[libvirt] [PATCH] qemu_migrate: use nested job when adding NBD to cookie

Michael Chapman mike at very.puzzling.org
Wed Apr 8 06:51:42 UTC 2015

qemuMigrationCookieAddNBD is usually called from within an async
MIGRATION_OUT or MIGRATION_IN job, so it needs to start a nested job.

(The one exception is during the Begin phase when change protection
isn't enabled, but qemuDomainObjEnterMonitorAsync will behave the same
as qemuDomainObjEnterMonitor in this case.)

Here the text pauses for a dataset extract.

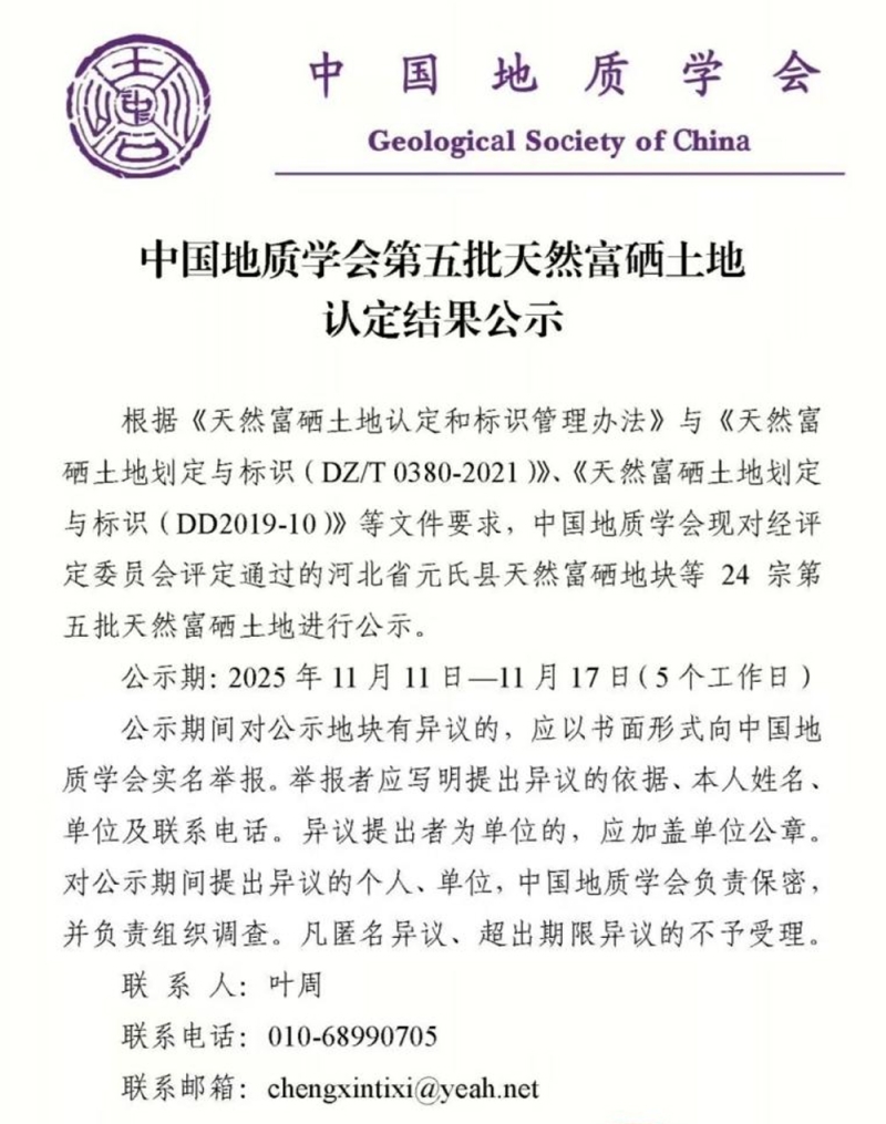 中国地质学会第五批天然富硒土地认定结果公示截图

This bug was encountered with a libvirt client that repeatedly queries
the disk mirroring block job info during a migration. If one of these
queries occurs just as the Perform migration cookie is baked, libvirt

Relevant logs are as follows:

    6701: warning : qemuDomainObjEnterMonitorInternal:1544 : This thread seems to be the async job owner; entering monitor without asking for a nested job is dangerous
[1] 6701: info : qemuMonitorSend:972 : QEMU_MONITOR_SEND_MSG: mon=0x7fefdc004700 msg={"execute":"query-block","id":"libvirt-629"}
[2] 6699: info : qemuMonitorIOWrite:503 : QEMU_MONITOR_IO_WRITE: mon=0x7fefdc004700 buf={"execute":"query-block","id":"libvirt-629"}
[3] 6704: info : qemuMonitorSend:972 : QEMU_MONITOR_SEND_MSG: mon=0x7fefdc004700 msg={"execute":"query-block-jobs","id":"libvirt-630"}
[4] 6699: info : qemuMonitorJSONIOProcessLine:203 : QEMU_MONITOR_RECV_REPLY: mon=0x7fefdc004700 reply={"return": [...], "id": "libvirt-629"}
    6699: error : qemuMonitorJSONIOProcessLine:211 : internal error: Unexpected JSON reply '{"return": [...], "id": "libvirt-629"}'

At [1] qemuMonitorBlockStatsUpdateCapacity sends its request, then waits
on mon->notify. At [2] the request is written out to the monitor socket.
At [3] qemuMonitorBlockJobInfo sends its request, and also waits on
mon->notify. The reply from the first request is received at [4].
However, qemuMonitorJSONIOProcessLine is not expecting this reply since
the second request hadn't completed sending. The reply is dropped and an
error is returned.

qemuMonitorIO signals mon->notify twice during its error handling,
waking up both of the threads waiting on it. One of them clears mon->msg
as it exits qemuMonitorSend; the other crashes:

  qemuMonitorSend (mon=0x7fefdc004700, msg=<value optimized out>) at qemu/qemu_monitor.c:975
  975         while (!mon->msg->finished) {
  (gdb) print mon->msg
  $1 = (qemuMonitorMessagePtr) 0x0

Signed-off-by: Michael Chapman <mike at very.puzzling.org>
 src/qemu/qemu_migration.c | 4 +++-
 1 file changed, 3 insertions(+), 1 deletion(-)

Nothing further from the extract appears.